> EXERCISE PROMPT
Exclude the pictures and transcribe the rest of the data below exactly.

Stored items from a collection
╔══

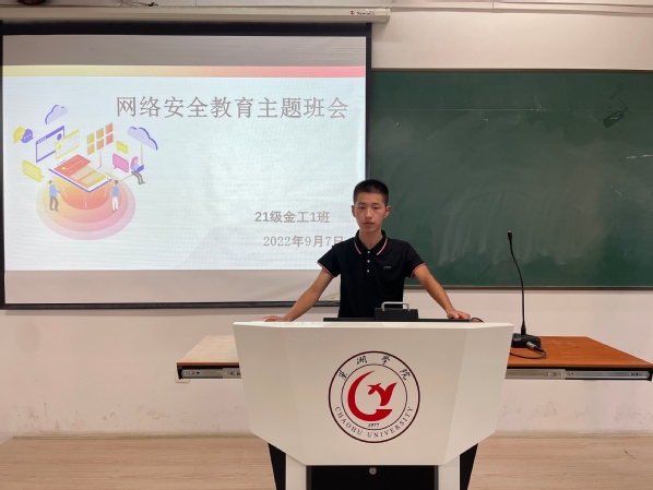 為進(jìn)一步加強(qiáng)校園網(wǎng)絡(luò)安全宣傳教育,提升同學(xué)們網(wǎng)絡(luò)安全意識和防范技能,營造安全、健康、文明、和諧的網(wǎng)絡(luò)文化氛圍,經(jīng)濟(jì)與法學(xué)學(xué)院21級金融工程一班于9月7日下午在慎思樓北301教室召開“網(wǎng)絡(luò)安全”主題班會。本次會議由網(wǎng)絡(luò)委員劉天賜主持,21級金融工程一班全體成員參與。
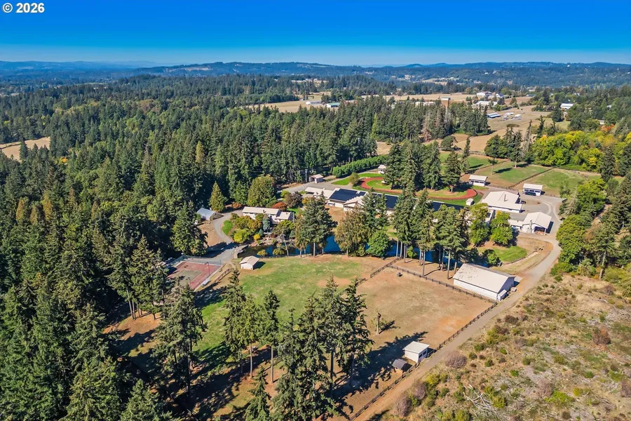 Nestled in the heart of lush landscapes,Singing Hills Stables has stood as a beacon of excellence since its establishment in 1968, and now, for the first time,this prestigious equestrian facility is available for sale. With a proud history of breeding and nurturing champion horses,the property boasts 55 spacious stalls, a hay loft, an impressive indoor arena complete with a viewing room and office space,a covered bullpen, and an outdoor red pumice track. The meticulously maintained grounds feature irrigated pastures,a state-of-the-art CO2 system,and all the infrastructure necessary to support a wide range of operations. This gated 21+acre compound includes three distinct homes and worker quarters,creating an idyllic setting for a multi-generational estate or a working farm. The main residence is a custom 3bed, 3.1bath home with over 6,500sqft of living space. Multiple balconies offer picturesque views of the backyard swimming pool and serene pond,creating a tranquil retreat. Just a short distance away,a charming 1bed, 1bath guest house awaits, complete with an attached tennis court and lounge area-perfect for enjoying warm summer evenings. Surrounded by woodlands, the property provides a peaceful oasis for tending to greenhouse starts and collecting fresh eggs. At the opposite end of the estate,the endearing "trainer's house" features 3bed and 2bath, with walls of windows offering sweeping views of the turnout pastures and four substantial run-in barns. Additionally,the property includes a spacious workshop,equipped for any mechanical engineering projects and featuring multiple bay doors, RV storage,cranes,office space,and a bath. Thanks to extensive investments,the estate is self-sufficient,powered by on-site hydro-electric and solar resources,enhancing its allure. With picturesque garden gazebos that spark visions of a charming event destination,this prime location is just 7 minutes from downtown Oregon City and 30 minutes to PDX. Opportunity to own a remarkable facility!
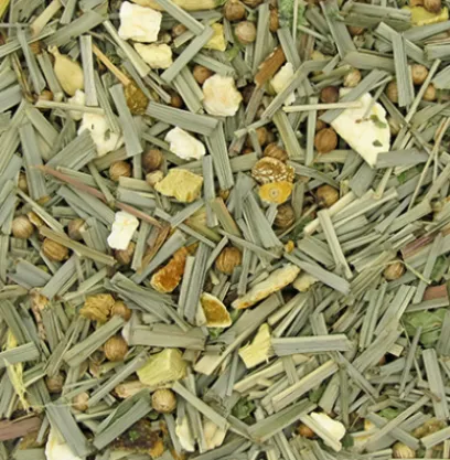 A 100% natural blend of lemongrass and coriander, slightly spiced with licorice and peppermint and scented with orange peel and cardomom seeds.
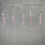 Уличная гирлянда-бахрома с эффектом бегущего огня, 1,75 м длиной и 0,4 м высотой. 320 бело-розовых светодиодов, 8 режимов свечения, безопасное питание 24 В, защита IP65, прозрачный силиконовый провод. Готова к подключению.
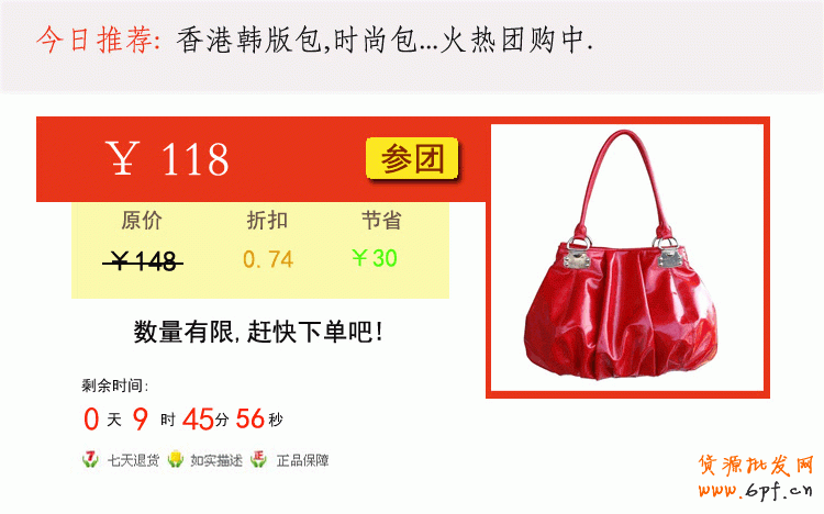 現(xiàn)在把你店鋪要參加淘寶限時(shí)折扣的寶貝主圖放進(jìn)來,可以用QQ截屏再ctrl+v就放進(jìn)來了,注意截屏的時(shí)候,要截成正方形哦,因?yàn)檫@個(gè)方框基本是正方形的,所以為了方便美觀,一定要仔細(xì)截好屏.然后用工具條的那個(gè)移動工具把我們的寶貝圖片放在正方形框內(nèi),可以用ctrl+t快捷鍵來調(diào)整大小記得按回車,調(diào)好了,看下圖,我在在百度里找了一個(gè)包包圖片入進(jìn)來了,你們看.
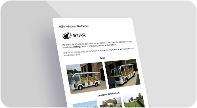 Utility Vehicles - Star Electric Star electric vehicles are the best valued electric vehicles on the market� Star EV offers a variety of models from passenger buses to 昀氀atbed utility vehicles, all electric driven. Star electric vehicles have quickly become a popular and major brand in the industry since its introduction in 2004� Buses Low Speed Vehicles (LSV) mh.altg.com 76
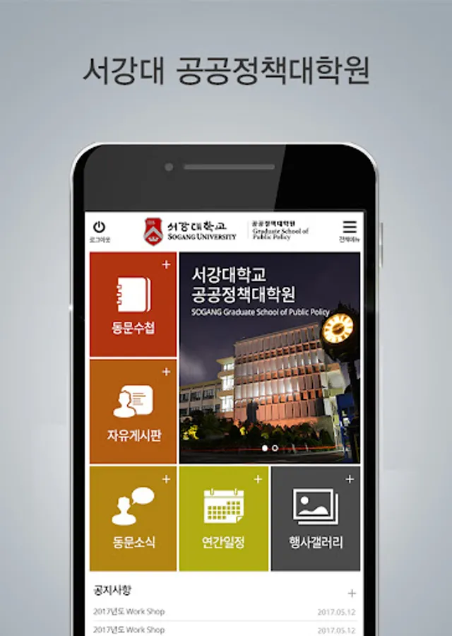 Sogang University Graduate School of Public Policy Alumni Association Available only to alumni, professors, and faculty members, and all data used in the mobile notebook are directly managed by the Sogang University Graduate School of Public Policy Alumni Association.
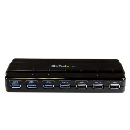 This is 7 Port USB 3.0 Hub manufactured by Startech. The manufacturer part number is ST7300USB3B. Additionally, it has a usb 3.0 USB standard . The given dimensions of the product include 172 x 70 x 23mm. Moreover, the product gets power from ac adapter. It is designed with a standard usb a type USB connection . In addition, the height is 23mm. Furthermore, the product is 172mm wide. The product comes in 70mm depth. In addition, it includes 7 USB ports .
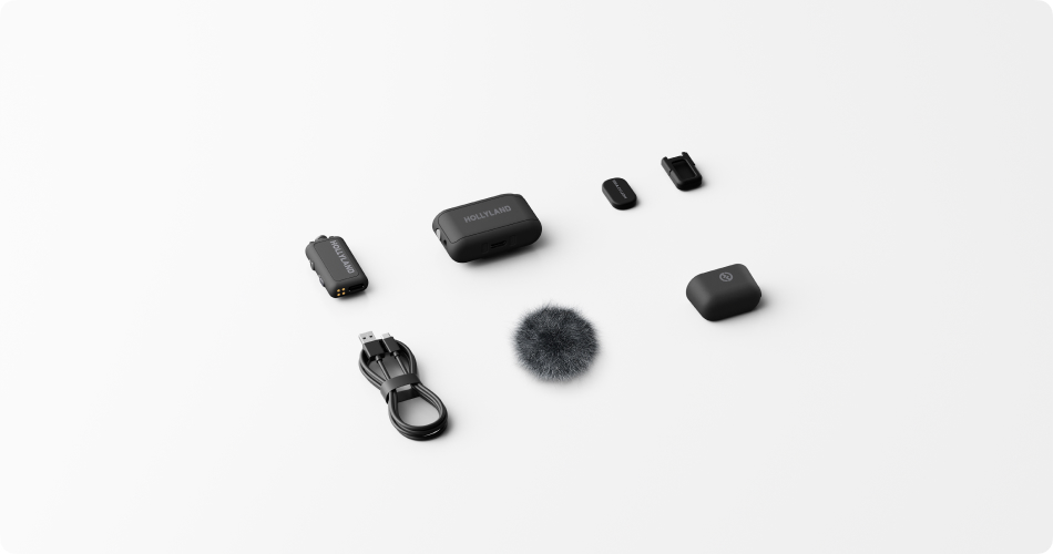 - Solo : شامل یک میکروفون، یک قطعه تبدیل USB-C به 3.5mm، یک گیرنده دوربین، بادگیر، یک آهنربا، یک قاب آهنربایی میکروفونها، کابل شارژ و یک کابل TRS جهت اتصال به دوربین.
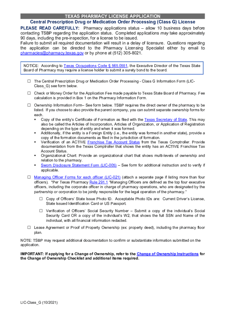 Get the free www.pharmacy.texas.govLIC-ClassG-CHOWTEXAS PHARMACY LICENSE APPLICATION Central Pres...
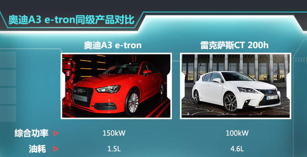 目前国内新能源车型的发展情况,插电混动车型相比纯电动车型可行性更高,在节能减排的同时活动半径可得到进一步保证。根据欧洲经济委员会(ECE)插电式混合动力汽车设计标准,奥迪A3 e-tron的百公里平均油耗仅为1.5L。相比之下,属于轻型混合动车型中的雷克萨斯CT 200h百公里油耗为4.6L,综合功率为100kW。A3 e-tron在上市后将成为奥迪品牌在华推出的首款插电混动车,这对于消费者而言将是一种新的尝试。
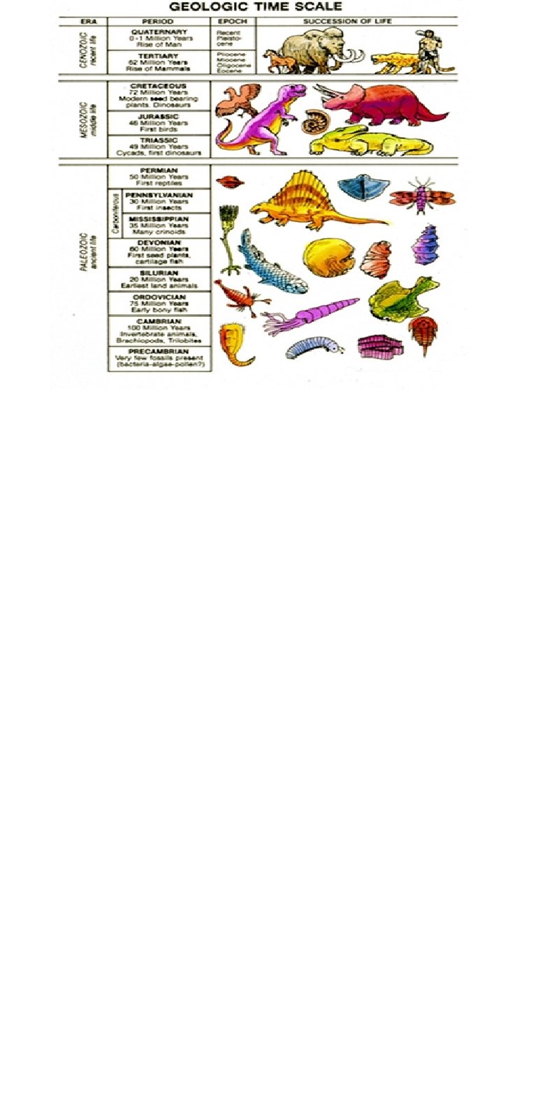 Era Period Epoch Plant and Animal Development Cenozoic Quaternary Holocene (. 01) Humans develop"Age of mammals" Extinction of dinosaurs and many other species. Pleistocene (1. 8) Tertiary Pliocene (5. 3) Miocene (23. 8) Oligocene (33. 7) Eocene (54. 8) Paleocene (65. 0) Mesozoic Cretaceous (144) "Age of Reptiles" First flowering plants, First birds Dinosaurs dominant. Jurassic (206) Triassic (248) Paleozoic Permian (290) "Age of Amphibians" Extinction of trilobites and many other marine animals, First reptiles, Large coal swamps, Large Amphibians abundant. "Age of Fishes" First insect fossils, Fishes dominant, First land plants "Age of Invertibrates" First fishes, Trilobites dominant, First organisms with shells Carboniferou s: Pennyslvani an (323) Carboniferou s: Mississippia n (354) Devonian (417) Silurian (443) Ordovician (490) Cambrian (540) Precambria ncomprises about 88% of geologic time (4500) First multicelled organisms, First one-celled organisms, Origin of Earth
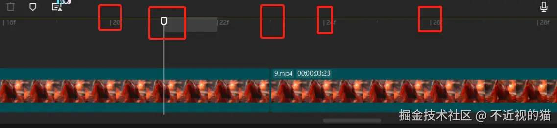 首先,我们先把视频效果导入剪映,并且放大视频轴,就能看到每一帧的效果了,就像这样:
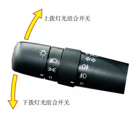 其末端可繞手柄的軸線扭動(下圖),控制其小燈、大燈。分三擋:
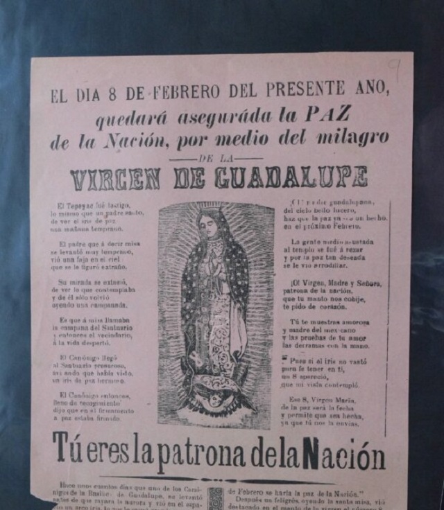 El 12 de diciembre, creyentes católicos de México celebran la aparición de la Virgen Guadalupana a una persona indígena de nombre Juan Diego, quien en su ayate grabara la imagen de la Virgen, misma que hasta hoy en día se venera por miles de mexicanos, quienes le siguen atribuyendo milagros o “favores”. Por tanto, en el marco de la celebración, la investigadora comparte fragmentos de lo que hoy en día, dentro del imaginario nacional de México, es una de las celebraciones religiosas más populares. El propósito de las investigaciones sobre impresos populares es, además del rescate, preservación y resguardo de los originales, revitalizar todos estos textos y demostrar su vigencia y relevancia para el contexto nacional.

╚══

> TASK RESPONSE
 為進(jìn)一步加強(qiáng)校園網(wǎng)絡(luò)安全宣傳教育,提升同學(xué)們網(wǎng)絡(luò)安全意識和防范技能,營造安全、健康、文明、和諧的網(wǎng)絡(luò)文化氛圍,經(jīng)濟(jì)與法學(xué)學(xué)院21級金融工程一班于9月7日下午在慎思樓北301教室召開“網(wǎng)絡(luò)安全”主題班會。本次會議由網(wǎng)絡(luò)委員劉天賜主持,21級金融工程一班全體成員參與。
 Nestled in the heart of lush landscapes,Singing Hills Stables has stood as a beacon of excellence since its establishment in 1968, and now, for the first time,this prestigious equestrian facility is available for sale. With a proud history of breeding and nurturing champion horses,the property boasts 55 spacious stalls, a hay loft, an impressive indoor arena complete with a viewing room and office space,a covered bullpen, and an outdoor red pumice track. The meticulously maintained grounds feature irrigated pastures,a state-of-the-art CO2 system,and all the infrastructure necessary to support a wide range of operations. This gated 21+acre compound includes three distinct homes and worker quarters,creating an idyllic setting for a multi-generational estate or a working farm. The main residence is a custom 3bed, 3.1bath home with over 6,500sqft of living space. Multiple balconies offer picturesque views of the backyard swimming pool and serene pond,creating a tranquil retreat. Just a short distance away,a charming 1bed, 1bath guest house awaits, complete with an attached tennis court and lounge area-perfect for enjoying warm summer evenings. Surrounded by woodlands, the property provides a peaceful oasis for tending to greenhouse starts and collecting fresh eggs. At the opposite end of the estate,the endearing "trainer's house" features 3bed and 2bath, with walls of windows offering sweeping views of the turnout pastures and four substantial run-in barns. Additionally,the property includes a spacious workshop,equipped for any mechanical engineering projects and featuring multiple bay doors, RV storage,cranes,office space,and a bath. Thanks to extensive investments,the estate is self-sufficient,powered by on-site hydro-electric and solar resources,enhancing its allure. With picturesque garden gazebos that spark visions of a charming event destination,this prime location is just 7 minutes from downtown Oregon City and 30 minutes to PDX. Opportunity to own a remarkable facility!
 A 100% natural blend of lemongrass and coriander, slightly spiced with licorice and peppermint and scented with orange peel and cardomom seeds.
 Уличная гирлянда-бахрома с эффектом бегущего огня, 1,75 м длиной и 0,4 м высотой. 320 бело-розовых светодиодов, 8 режимов свечения, безопасное питание 24 В, защита IP65, прозрачный силиконовый провод. Готова к подключению.
 現(xiàn)在把你店鋪要參加淘寶限時(shí)折扣的寶貝主圖放進(jìn)來,可以用QQ截屏再ctrl+v就放進(jìn)來了,注意截屏的時(shí)候,要截成正方形哦,因?yàn)檫@個(gè)方框基本是正方形的,所以為了方便美觀,一定要仔細(xì)截好屏.然后用工具條的那個(gè)移動工具把我們的寶貝圖片放在正方形框內(nèi),可以用ctrl+t快捷鍵來調(diào)整大小記得按回車,調(diào)好了,看下圖,我在在百度里找了一個(gè)包包圖片入進(jìn)來了,你們看.
 Utility Vehicles - Star Electric Star electric vehicles are the best valued electric vehicles on the market� Star EV offers a variety of models from passenger buses to 昀氀atbed utility vehicles, all electric driven. Star electric vehicles have quickly become a popular and major brand in the industry since its introduction in 2004� Buses Low Speed Vehicles (LSV) mh.altg.com 76
 Sogang University Graduate School of Public Policy Alumni Association Available only to alumni, professors, and faculty members, and all data used in the mobile notebook are directly managed by the Sogang University Graduate School of Public Policy Alumni Association.
 This is 7 Port USB 3.0 Hub manufactured by Startech. The manufacturer part number is ST7300USB3B. Additionally, it has a usb 3.0 USB standard . The given dimensions of the product include 172 x 70 x 23mm. Moreover, the product gets power from ac adapter. It is designed with a standard usb a type USB connection . In addition, the height is 23mm. Furthermore, the product is 172mm wide. The product comes in 70mm depth. In addition, it includes 7 USB ports .
 - Solo : شامل یک میکروفون، یک قطعه تبدیل USB-C به 3.5mm، یک گیرنده دوربین، بادگیر، یک آهنربا، یک قاب آهنربایی میکروفونها، کابل شارژ و یک کابل TRS جهت اتصال به دوربین.
 Get the free www.pharmacy.texas.govLIC-ClassG-CHOWTEXAS PHARMACY LICENSE APPLICATION Central Pres...
 目前国内新能源车型的发展情况,插电混动车型相比纯电动车型可行性更高,在节能减排的同时活动半径可得到进一步保证。根据欧洲经济委员会(ECE)插电式混合动力汽车设计标准,奥迪A3 e-tron的百公里平均油耗仅为1.5L。相比之下,属于轻型混合动车型中的雷克萨斯CT 200h百公里油耗为4.6L,综合功率为100kW。A3 e-tron在上市后将成为奥迪品牌在华推出的首款插电混动车,这对于消费者而言将是一种新的尝试。
 Era Period Epoch Plant and Animal Development Cenozoic Quaternary Holocene (. 01) Humans develop"Age of mammals" Extinction of dinosaurs and many other species. Pleistocene (1. 8) Tertiary Pliocene (5. 3) Miocene (23. 8) Oligocene (33. 7) Eocene (54. 8) Paleocene (65. 0) Mesozoic Cretaceous (144) "Age of Reptiles" First flowering plants, First birds Dinosaurs dominant. Jurassic (206) Triassic (248) Paleozoic Permian (290) "Age of Amphibians" Extinction of trilobites and many other marine animals, First reptiles, Large coal swamps, Large Amphibians abundant. "Age of Fishes" First insect fossils, Fishes dominant, First land plants "Age of Invertibrates" First fishes, Trilobites dominant, First organisms with shells Carboniferou s: Pennyslvani an (323) Carboniferou s: Mississippia n (354) Devonian (417) Silurian (443) Ordovician (490) Cambrian (540) Precambria ncomprises about 88% of geologic time (4500) First multicelled organisms, First one-celled organisms, Origin of Earth
 首先,我们先把视频效果导入剪映,并且放大视频轴,就能看到每一帧的效果了,就像这样:
 其末端可繞手柄的軸線扭動(下圖),控制其小燈、大燈。分三擋:
 El 12 de diciembre, creyentes católicos de México celebran la aparición de la Virgen Guadalupana a una persona indígena de nombre Juan Diego, quien en su ayate grabara la imagen de la Virgen, misma que hasta hoy en día se venera por miles de mexicanos, quienes le siguen atribuyendo milagros o “favores”. Por tanto, en el marco de la celebración, la investigadora comparte fragmentos de lo que hoy en día, dentro del imaginario nacional de México, es una de las celebraciones religiosas más populares. El propósito de las investigaciones sobre impresos populares es, además del rescate, preservación y resguardo de los originales, revitalizar todos estos textos y demostrar su vigencia y relevancia para el contexto nacional.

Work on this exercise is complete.